Instructions for the task:
For this exercise, return exactly the lines of the material below that begin at the one with "La Dracaena Reflexa" and stop after the one with "Látkové tuning koberce, nápis".

Source data:
______________________________
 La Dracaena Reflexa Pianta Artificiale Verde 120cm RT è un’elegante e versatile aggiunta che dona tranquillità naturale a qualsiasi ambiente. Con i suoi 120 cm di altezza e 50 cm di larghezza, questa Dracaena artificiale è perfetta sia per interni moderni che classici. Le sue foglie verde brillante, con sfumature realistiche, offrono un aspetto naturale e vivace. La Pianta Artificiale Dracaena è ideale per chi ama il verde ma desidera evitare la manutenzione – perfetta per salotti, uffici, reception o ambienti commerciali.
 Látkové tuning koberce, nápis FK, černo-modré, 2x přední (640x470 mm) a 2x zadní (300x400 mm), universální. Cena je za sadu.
______________________________
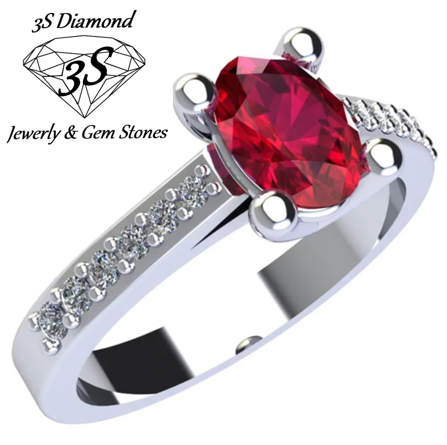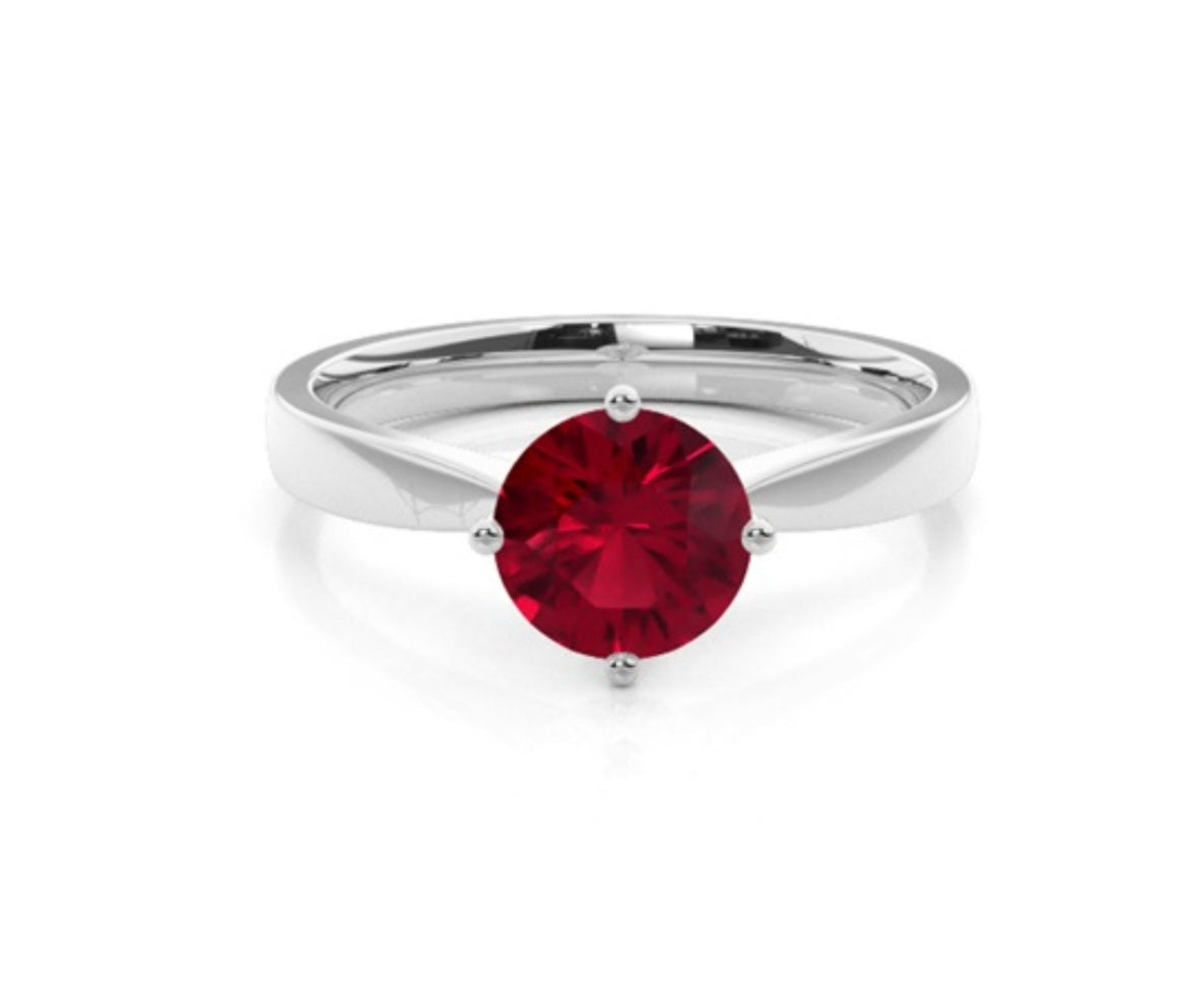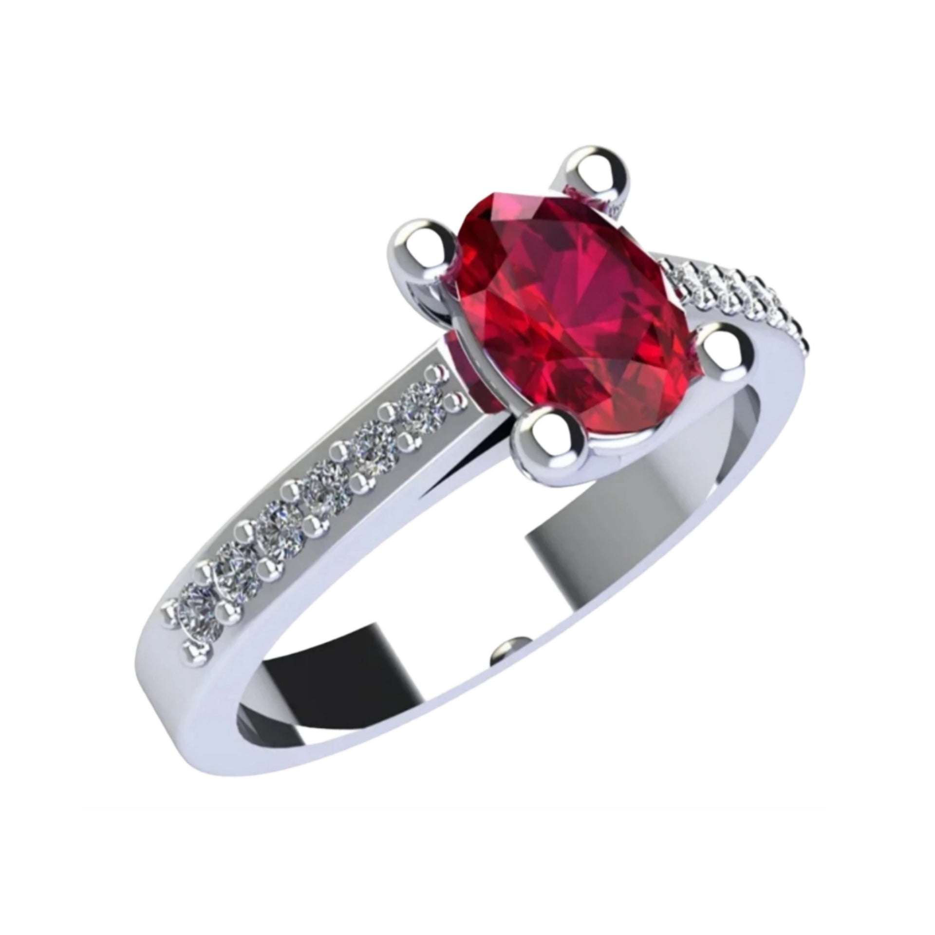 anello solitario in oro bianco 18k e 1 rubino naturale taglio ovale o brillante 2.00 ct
______________________________
Written solution:
 La Dracaena Reflexa Pianta Artificiale Verde 120cm RT è un’elegante e versatile aggiunta che dona tranquillità naturale a qualsiasi ambiente. Con i suoi 120 cm di altezza e 50 cm di larghezza, questa Dracaena artificiale è perfetta sia per interni moderni che classici. Le sue foglie verde brillante, con sfumature realistiche, offrono un aspetto naturale e vivace. La Pianta Artificiale Dracaena è ideale per chi ama il verde ma desidera evitare la manutenzione – perfetta per salotti, uffici, reception o ambienti commerciali.
 Látkové tuning koberce, nápis FK, černo-modré, 2x přední (640x470 mm) a 2x zadní (300x400 mm), universální. Cena je za sadu.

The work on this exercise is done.